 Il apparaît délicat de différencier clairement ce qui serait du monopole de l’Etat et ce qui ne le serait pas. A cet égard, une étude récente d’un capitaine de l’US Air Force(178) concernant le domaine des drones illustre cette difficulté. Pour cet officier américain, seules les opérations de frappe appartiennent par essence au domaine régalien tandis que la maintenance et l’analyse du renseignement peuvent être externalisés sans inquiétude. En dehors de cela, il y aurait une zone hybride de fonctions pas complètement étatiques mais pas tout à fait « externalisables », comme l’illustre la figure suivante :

▬▬▬

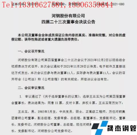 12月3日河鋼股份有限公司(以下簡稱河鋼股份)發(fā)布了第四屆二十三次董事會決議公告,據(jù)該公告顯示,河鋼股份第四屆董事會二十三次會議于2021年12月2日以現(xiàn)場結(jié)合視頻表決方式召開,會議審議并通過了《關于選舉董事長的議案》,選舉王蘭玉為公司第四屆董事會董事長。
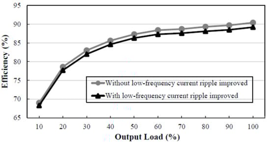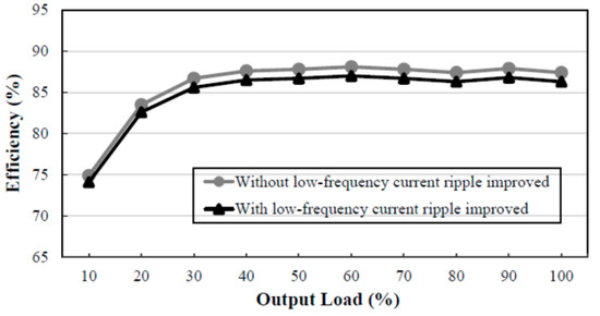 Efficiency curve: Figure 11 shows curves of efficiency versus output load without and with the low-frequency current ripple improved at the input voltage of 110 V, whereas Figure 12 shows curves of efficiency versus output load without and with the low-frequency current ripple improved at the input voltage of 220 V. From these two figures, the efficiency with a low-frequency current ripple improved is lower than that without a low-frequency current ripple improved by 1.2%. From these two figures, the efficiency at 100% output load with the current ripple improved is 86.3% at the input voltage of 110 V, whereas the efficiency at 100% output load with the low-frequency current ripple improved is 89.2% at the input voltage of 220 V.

▬▬▬

■ WHAT TO PRODUCE: Take the entries above and copy exactly the lines starting at the one with "12月3日河鋼股份有限公司(以下簡稱河鋼" and ending at the one with "Efficiency curve: Figure"; nothing outside that span, and no pictures.

■ SOLUTION:
 12月3日河鋼股份有限公司(以下簡稱河鋼股份)發(fā)布了第四屆二十三次董事會決議公告,據(jù)該公告顯示,河鋼股份第四屆董事會二十三次會議于2021年12月2日以現(xiàn)場結(jié)合視頻表決方式召開,會議審議并通過了《關于選舉董事長的議案》,選舉王蘭玉為公司第四屆董事會董事長。
 Efficiency curve: Figure 11 shows curves of efficiency versus output load without and with the low-frequency current ripple improved at the input voltage of 110 V, whereas Figure 12 shows curves of efficiency versus output load without and with the low-frequency current ripple improved at the input voltage of 220 V. From these two figures, the efficiency with a low-frequency current ripple improved is lower than that without a low-frequency current ripple improved by 1.2%. From these two figures, the efficiency at 100% output load with the current ripple improved is 86.3% at the input voltage of 110 V, whereas the efficiency at 100% output load with the low-frequency current ripple improved is 89.2% at the input voltage of 220 V.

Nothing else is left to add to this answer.